The co-star Sean Connery hated every second of working with: “It was like the school playground”
Once he’d consigned James Bond to the rear-view mirror and forged a successful career for himself away from the bright lights and constant scrutiny of 007, Sean Connery developed a reputation for being one of the most naturally intimidating actors in the industry.
He may not have been doing it on purpose, but the gruff Scotsman had such presence that it came naturally, leaving several directors and producers quaking in their boots. Michael Bay is among Hollywood’s brashest and most cocksure filmmakers, but he was bricking it for a while on The Rock.
While making the same picture, once he’d earned the star’s respect, Connery had Bay’s back and used that intimidation factor to make an executive squirm in order to squeeze more money out of the studio.
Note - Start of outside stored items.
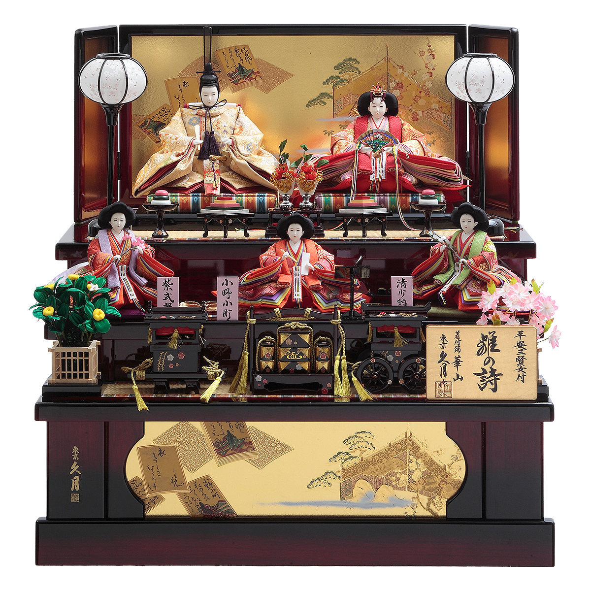 三人官女の代わりに、お子様が優しく賢く美しく育つようにという願いをこめて、平安三賢女と呼ばれる「清少納言」「小野小町」「紫式部」を配しました。>>東急百貨店のひな人形 商品一覧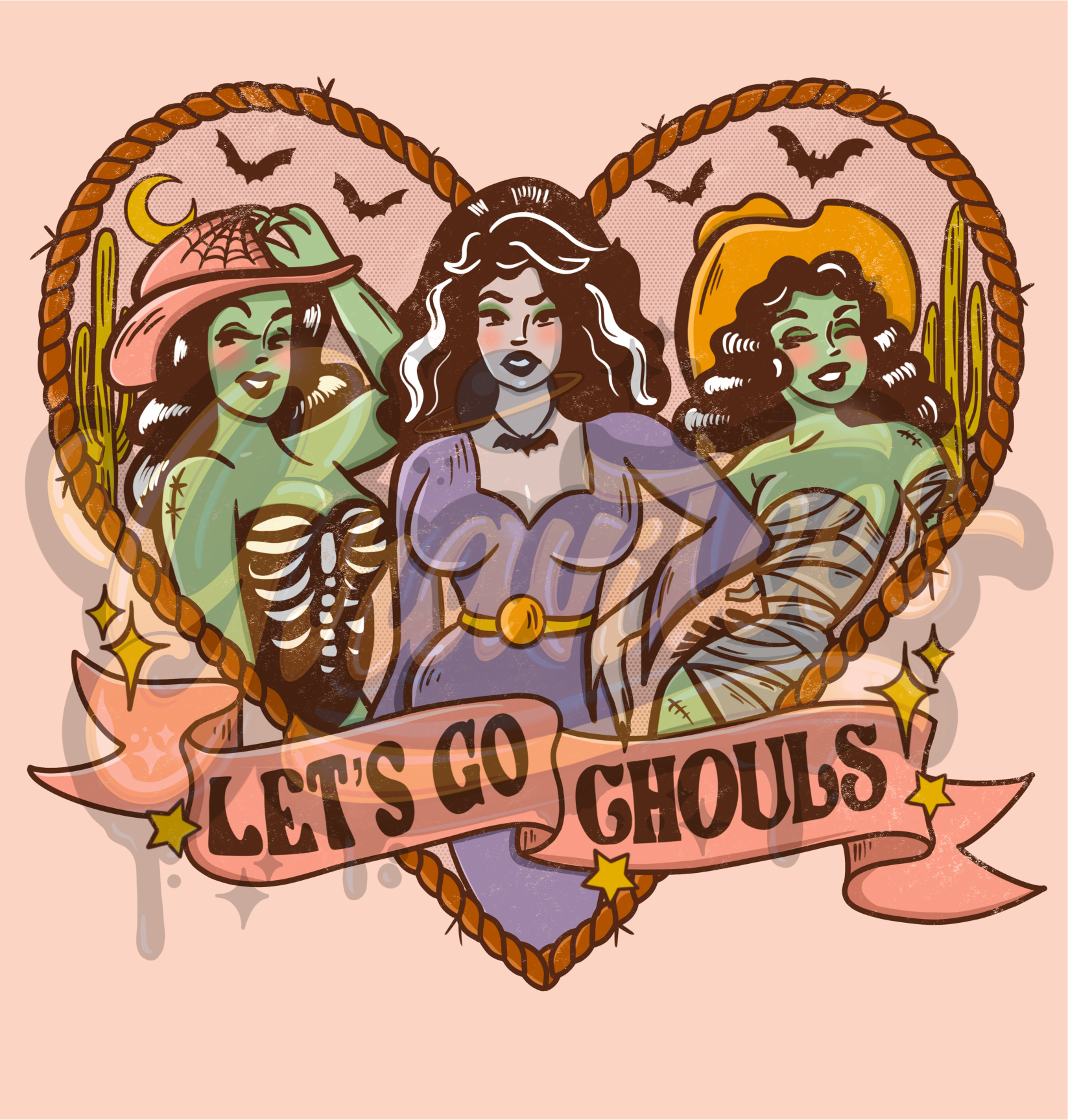Let's Go Ghouls PNG, Spooky Cowgirls Clipart for DTF or Shirt Printing, Halloween Sublimation, PNG Only!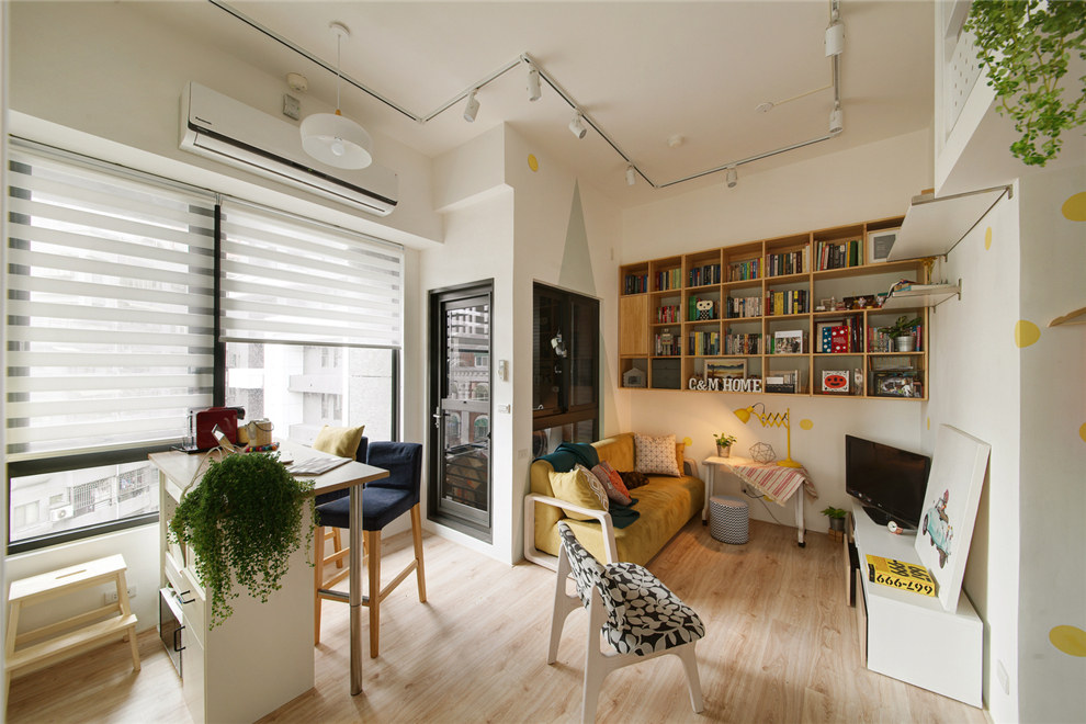 打開格局,調整動線,空間開放,陽光自然就進來了。省去一向為空間要角的電視墻,讓男主人多年藏書作為裝飾主角,書柜下妥善安置了舊沙發及邊桌,完成了麻雀雖小卻實用精美的客廳空間。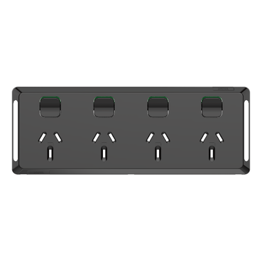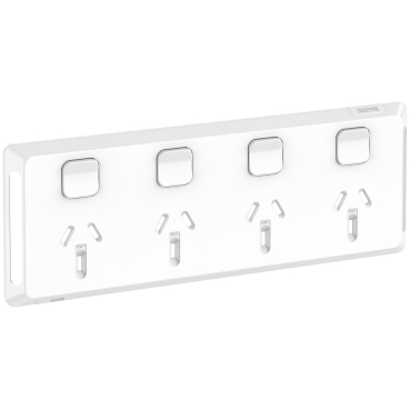 Robust and impact resistant for longevity in public places, the Pro Series Quad Switched Power Point Skin lets you accommodate four appliances in the one place. The skin has a gloss finish for easy cleaning and green indicators on the rockers to show when power is on.

He could be difficult at times, but it you got on his good side, he was a powerful ally to have.
If he called someone “boy,” then it was the clearest sign that a mutual trust and appreciation had formed. Plenty of people in the business butted heads with Connery at one time or another, and for better or worse, but he wasn’t a happy chappy when the shoe was placed on the other foot and a co-star buried themselves right under his skin.
Director Jean-Jacques Annaud’s period-set literary adaptation, The Name of the Rose, was a critical and commercial hit, and Connery won a ‘Best Actor’ Bafta for his performance as William of Baskerville, a 14th-century monk who investigates a string of suspicious deaths in an effort to root out the culprit.
In a case of life imitating art, his onscreen nemesis, Bernardo Gui, was played by F Murray Abraham, who also became a constant thorn in Connery’s side when the cameras weren’t rolling. His previous picture, Amadeus, had won him the Academy Award for ‘Best Actor’, and he was starting to believe his own hype.
“Everybody warned me that Sean Connery was impossible and an extremely difficult character. He was an absolute dream, and I got on with him fantastically,” Annaud said. “My only bad memory of an actor across my whole career, and I’ve directed, I think, thousands of actors, was F Murray Abraham, who played the inquisitor.”
“He was terrible, not so much with me, but rather with Sean,” the director explained. “He would say, ‘I’ve got the Oscar, and he’s an old idiot’. They would both arrive late because Sean didn’t want to wait for F Murray, and F Murray didn’t want to wait for Sean. It was like the school playground.” In fact, things got so bad that the latter tried to take drastic action.
Annaud even revealed that Connery hated him to such an extent that he launched a petition to have him forcibly removed from the Screen Actors Guild, but those pleas fell on deaf ears. In hindsight, Abraham admitted he “started to really believe some of the reviews I was getting,” and it went to his head on The Name of the Rose. Ironically, given his criticism of Connery, the star’s next movie was The Untouchables, which won him an Oscar of his own.